YOUR OBJECTIVE: Print the material below exactly as it stands, please, from its first line to the line holding "- lichte woonkamer met sfeervolle houtkachel", with no pictures.

[DATA PROVIDED]

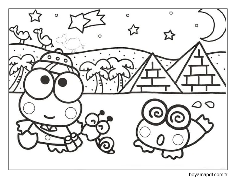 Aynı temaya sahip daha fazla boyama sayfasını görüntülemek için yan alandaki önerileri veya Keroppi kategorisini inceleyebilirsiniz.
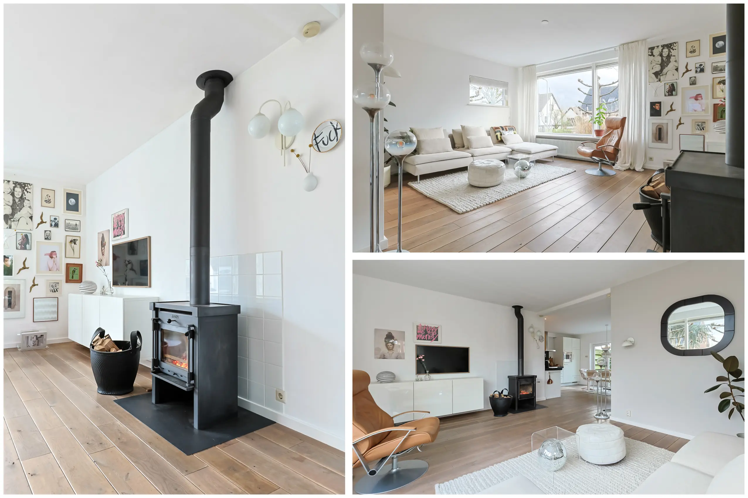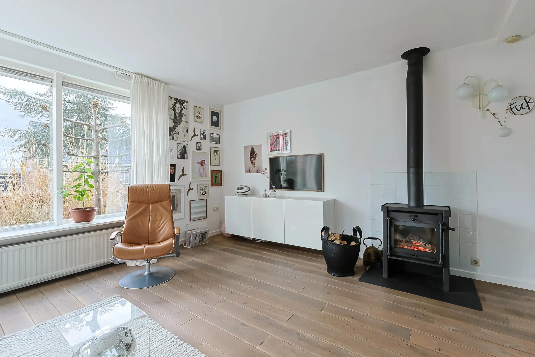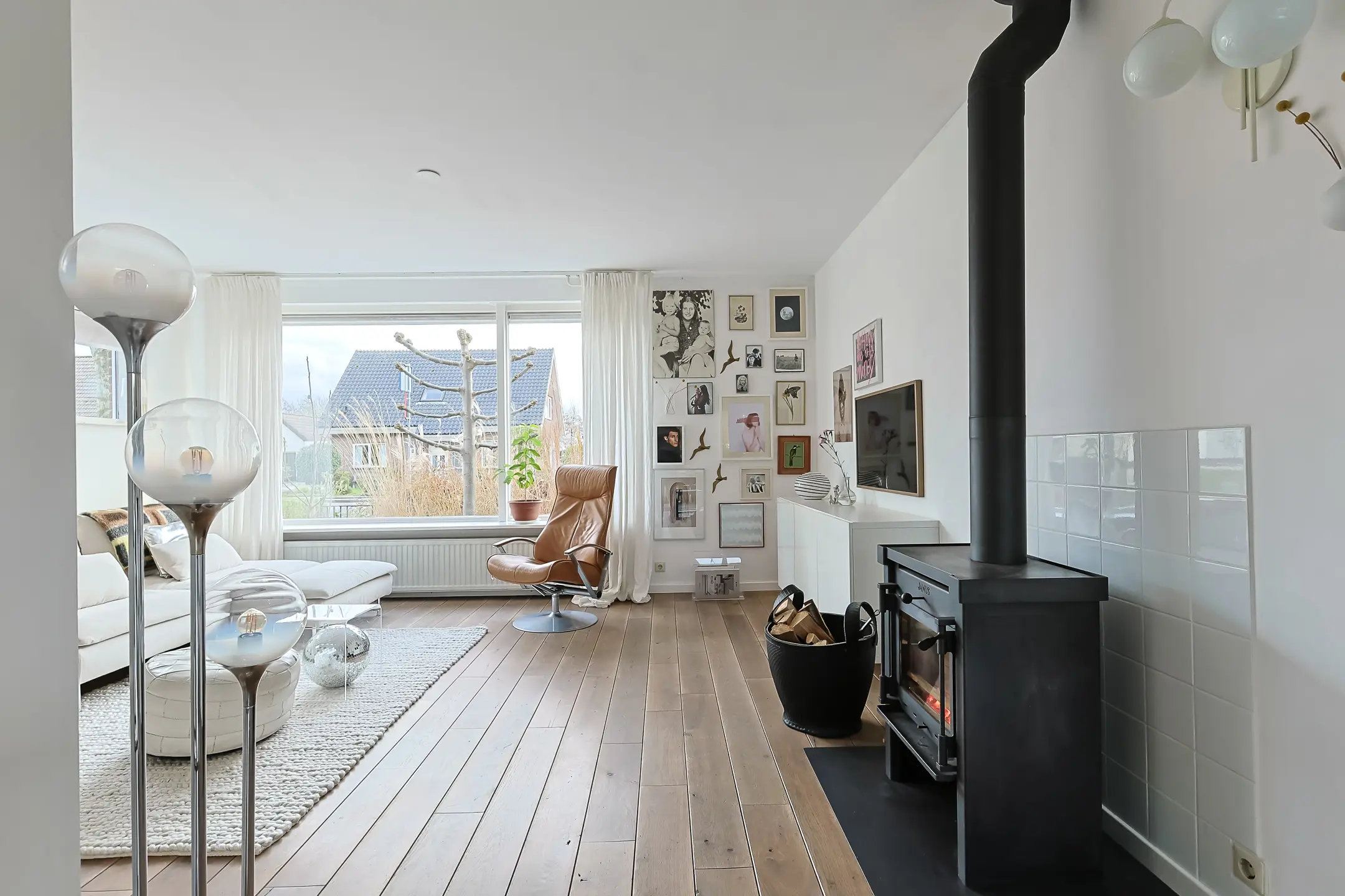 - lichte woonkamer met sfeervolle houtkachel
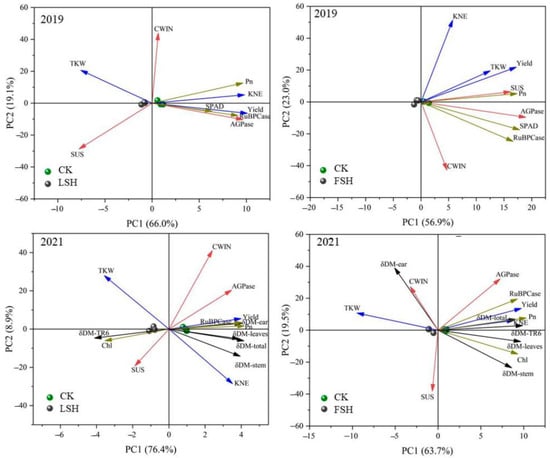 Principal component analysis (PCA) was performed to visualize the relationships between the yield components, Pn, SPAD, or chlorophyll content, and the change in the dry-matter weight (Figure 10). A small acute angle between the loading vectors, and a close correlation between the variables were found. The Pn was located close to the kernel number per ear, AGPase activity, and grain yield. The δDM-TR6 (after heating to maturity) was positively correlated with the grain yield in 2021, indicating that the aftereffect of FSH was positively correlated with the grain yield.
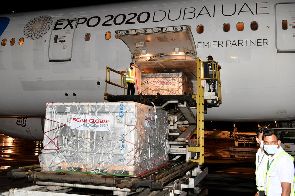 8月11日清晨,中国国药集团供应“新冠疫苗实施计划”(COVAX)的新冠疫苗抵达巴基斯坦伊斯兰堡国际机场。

[/DATA PROVIDED]

TASK SOLUTION:
 Aynı temaya sahip daha fazla boyama sayfasını görüntülemek için yan alandaki önerileri veya Keroppi kategorisini inceleyebilirsiniz.
 - lichte woonkamer met sfeervolle houtkachel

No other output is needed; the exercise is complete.